Instructions to follow: Only the lines from the one with "参半净澈皓齿牙刷抗菌炭丝软毛护龈男士减轻异味蓝色4支" through the last line of the data below are to be duplicated, exactly and without pictures.

Given material:

○ ○ ○ ○ ○

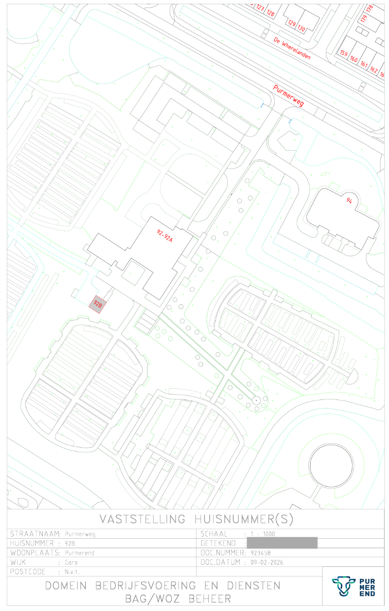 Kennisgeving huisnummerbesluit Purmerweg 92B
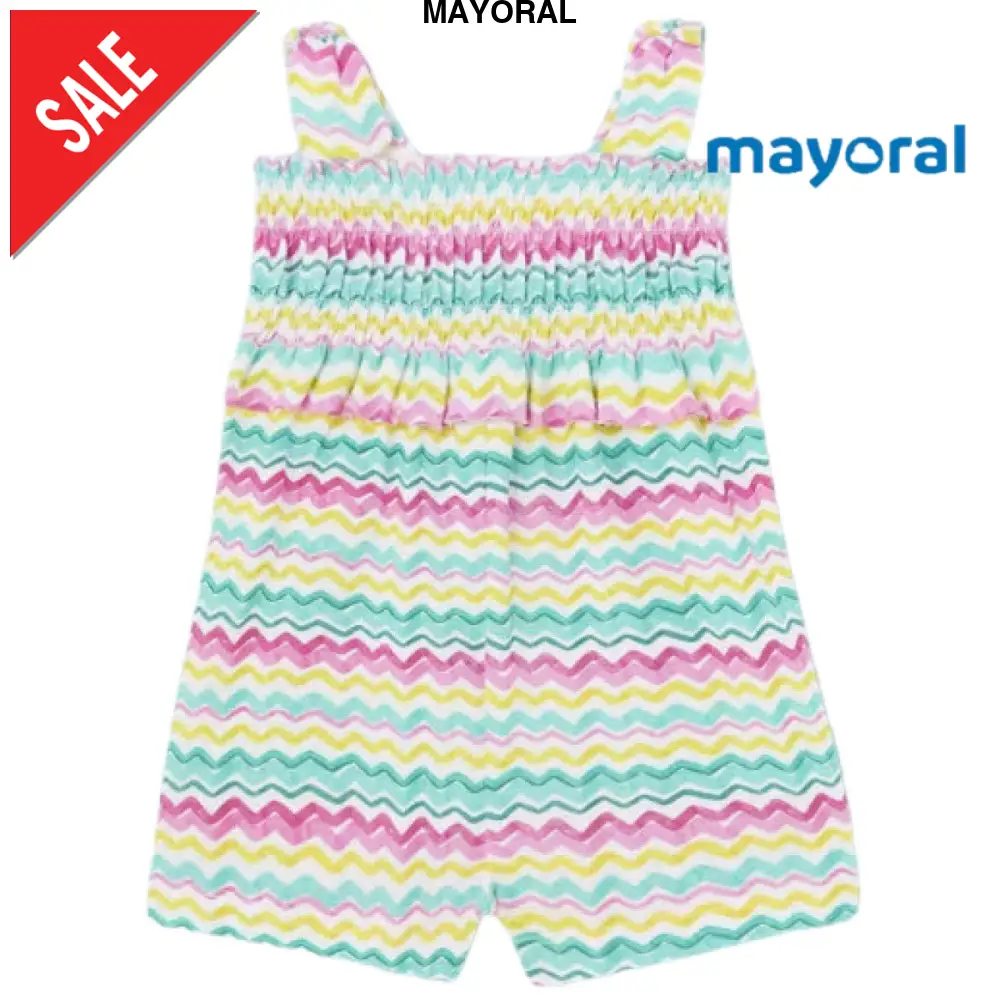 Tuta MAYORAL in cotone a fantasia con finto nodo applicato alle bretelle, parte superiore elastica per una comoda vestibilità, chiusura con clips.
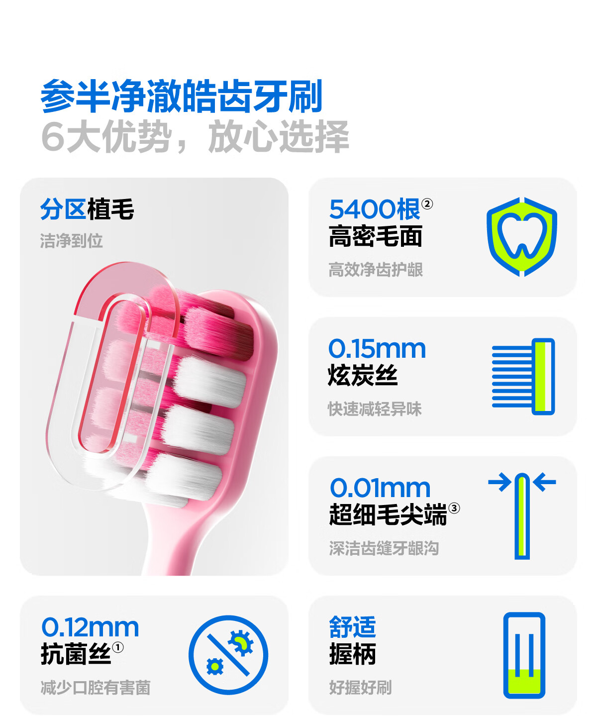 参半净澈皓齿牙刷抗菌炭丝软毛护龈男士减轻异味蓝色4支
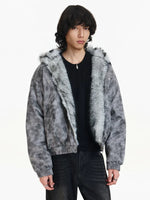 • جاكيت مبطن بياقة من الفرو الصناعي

○ ○ ○ ○ ○

Response area:
 参半净澈皓齿牙刷抗菌炭丝软毛护龈男士减轻异味蓝色4支
 • جاكيت مبطن بياقة من الفرو الصناعي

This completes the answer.